Task objective:
Images are not part of the copy; transcribe all the data exactly.

Source material:
↓↓↓
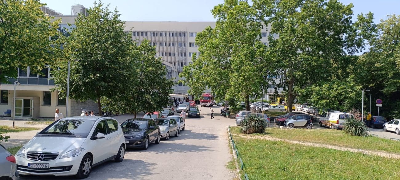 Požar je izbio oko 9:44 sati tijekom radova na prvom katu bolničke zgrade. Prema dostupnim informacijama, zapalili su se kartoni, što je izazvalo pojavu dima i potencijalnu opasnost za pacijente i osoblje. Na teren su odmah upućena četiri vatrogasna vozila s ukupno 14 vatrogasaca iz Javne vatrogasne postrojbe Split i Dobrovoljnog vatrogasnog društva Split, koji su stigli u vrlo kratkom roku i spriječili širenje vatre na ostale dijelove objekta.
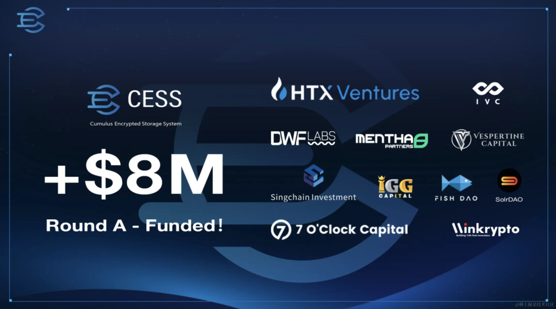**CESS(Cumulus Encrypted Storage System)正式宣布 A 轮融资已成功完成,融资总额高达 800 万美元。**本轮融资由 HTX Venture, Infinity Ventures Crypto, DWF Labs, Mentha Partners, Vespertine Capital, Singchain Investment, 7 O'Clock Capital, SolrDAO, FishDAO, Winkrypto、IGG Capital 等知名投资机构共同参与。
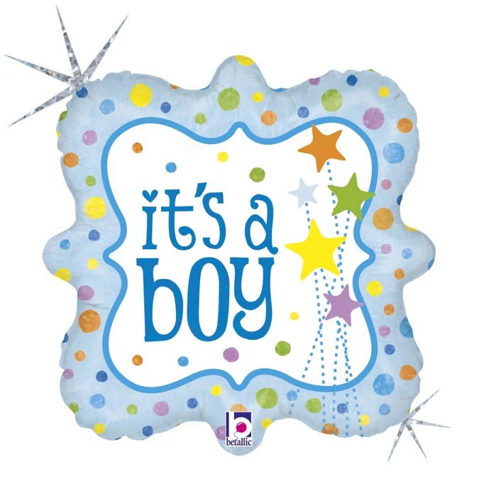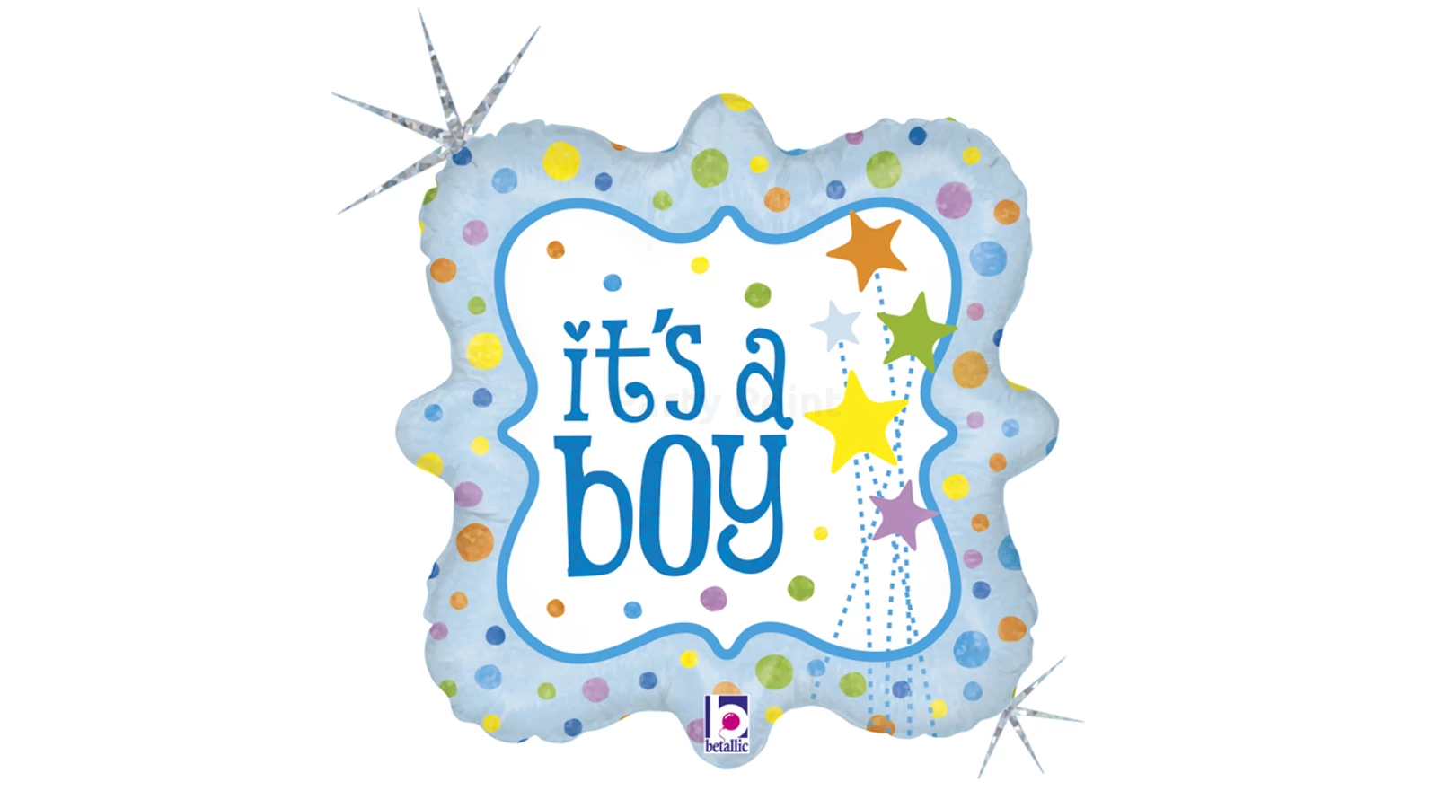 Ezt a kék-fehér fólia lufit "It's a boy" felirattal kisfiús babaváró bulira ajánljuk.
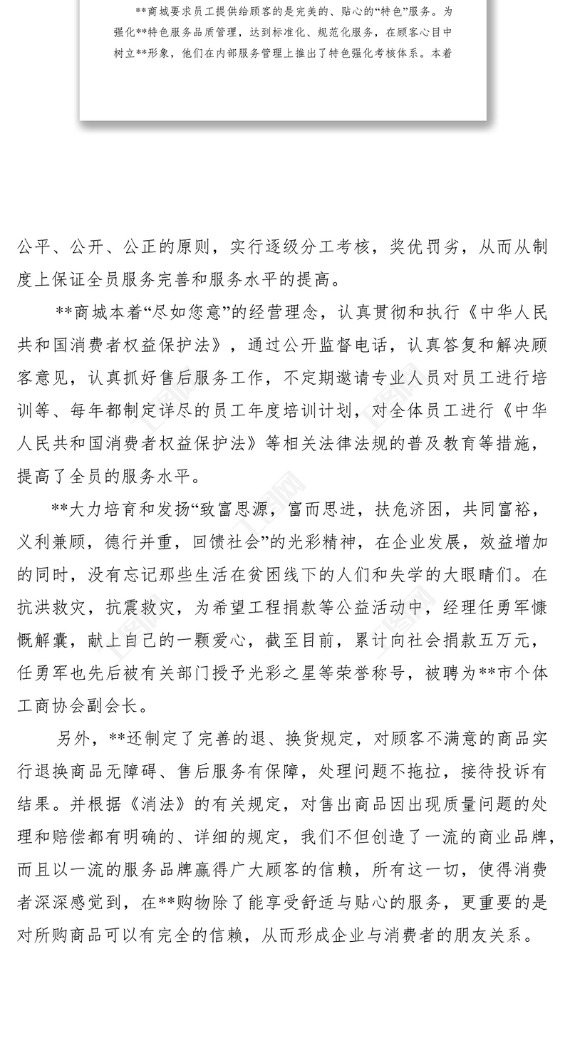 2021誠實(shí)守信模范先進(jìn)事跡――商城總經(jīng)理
↑↑↑
The answer:
 Požar je izbio oko 9:44 sati tijekom radova na prvom katu bolničke zgrade. Prema dostupnim informacijama, zapalili su se kartoni, što je izazvalo pojavu dima i potencijalnu opasnost za pacijente i osoblje. Na teren su odmah upućena četiri vatrogasna vozila s ukupno 14 vatrogasaca iz Javne vatrogasne postrojbe Split i Dobrovoljnog vatrogasnog društva Split, koji su stigli u vrlo kratkom roku i spriječili širenje vatre na ostale dijelove objekta.
**CESS(Cumulus Encrypted Storage System)正式宣布 A 轮融资已成功完成,融资总额高达 800 万美元。**本轮融资由 HTX Venture, Infinity Ventures Crypto, DWF Labs, Mentha Partners, Vespertine Capital, Singchain Investment, 7 O'Clock Capital, SolrDAO, FishDAO, Winkrypto、IGG Capital 等知名投资机构共同参与。
 Ezt a kék-fehér fólia lufit "It's a boy" felirattal kisfiús babaváró bulira ajánljuk.
 2021誠實(shí)守信模范先進(jìn)事跡――商城總經(jīng)理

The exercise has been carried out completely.